The voters have already begun making their decisions on who ultimately will help build the blueprint for Bryan's future. Incumbent Jason Bienski and former City Councilman Mike Southerland sit down with News 3 to elaborate on their future plans for the City of Bryan, if elected and how it would improve the lives of residents.
Incumbent Jason Bienski and former City Councilman Mike Southerland both agree growth in the City of Bryan brings forth many positive opportunities for residents; however, their strategy in how to attract new residents to the area is where the two partly disagree.
Bienski and Southerland both side with the idea that the City's aging infrastructure must be addressed, especially sidewalks that cross school routes. Although it's something Bienski says is being worked on right now, both said it will remain an ongoing project.
Southerland said one thing in particular will attract new residents.
"There are not enough parks," said Southerland.
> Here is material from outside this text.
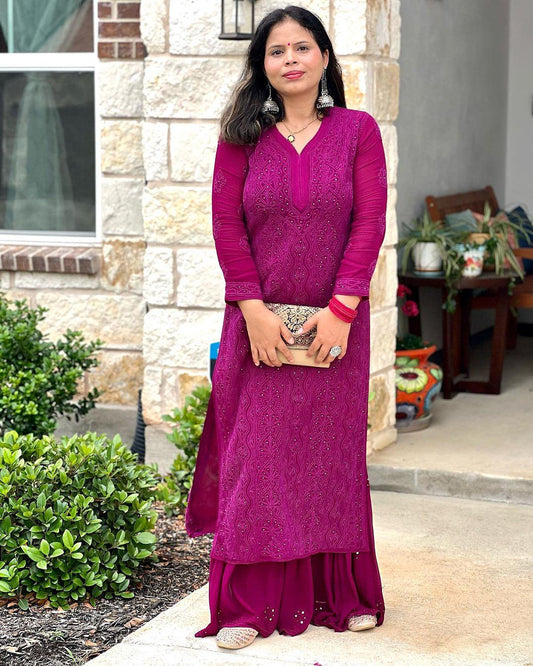 Wine Luxe Chikankari Bliss: Premium Viscose Set with Sharara

People have to use there's a field people go to in the county to play soccer there just isn't enough space for them."
Bienski said although he does agree that parks and amenities are an important factor in attracting new residents, he said it's merely a piece of an entire equation.
"You grow and expand your businesses here in town, you expand your tax base you bring new businesses in town, retail establishments come to town, then you have new rooftops that come to town," explained Bienski.
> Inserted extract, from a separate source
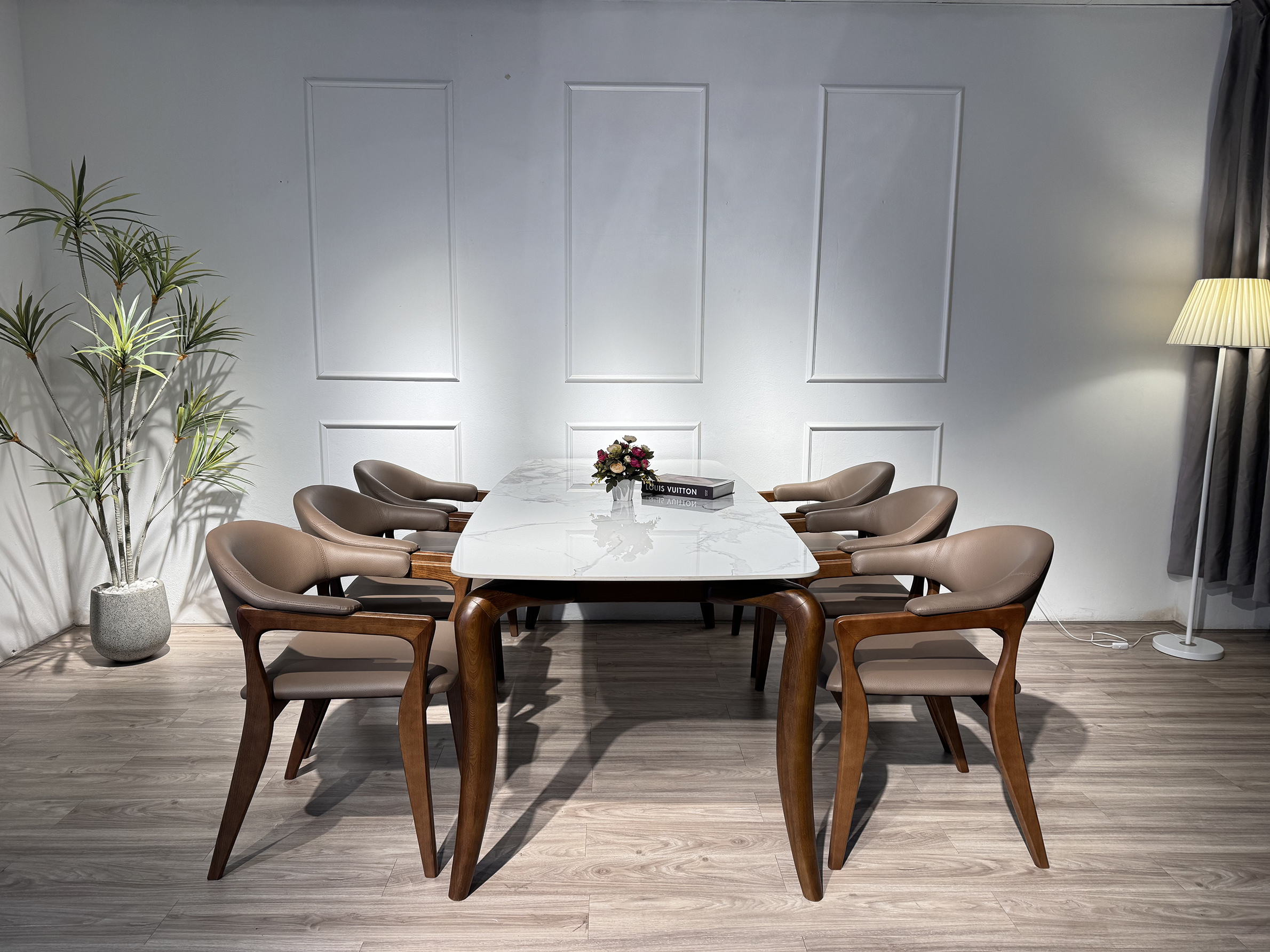 Chiếc ghế được thiết kế với form dáng cong ôm lưng nhẹ nhàng, tạo cảm giác êm ái và nâng đỡ cột sống khi ngồi lâu. Phần tay vịn gỗ liền khối được vát mềm mại, kết hợp hài hòa với phần chân ghế bo tròn, mang đến tổng thể thanh lịch, phù hợp với cả không gian nội thất hiện đại lẫn tân cổ điển.

When it comes to economic growth, Bienski said he wants to focus on encouraging developers to build more homes ranging in the $200,000 to $400,000 value range.
Instead of focusing on incentives, Southerland said we should learn from College Station's success. He said he hopes it'll bridge the gap between the starter and higher end homes in Bryan, providing residents more options in all walks of life.
Southerland said when it comes to economic success; we should look to our neighbors in College Station.
"We have to do a similar thing here and it's not just paying Wal-Mart of somebody else to come in to our town; it's by luring the public to build their houses here."
Southerland also said if elected, he will hold meetings every quarter open for all residents.
Southerland served on City Council for six and a half years; Bienski served on the council for five years; the last three years as Mayor.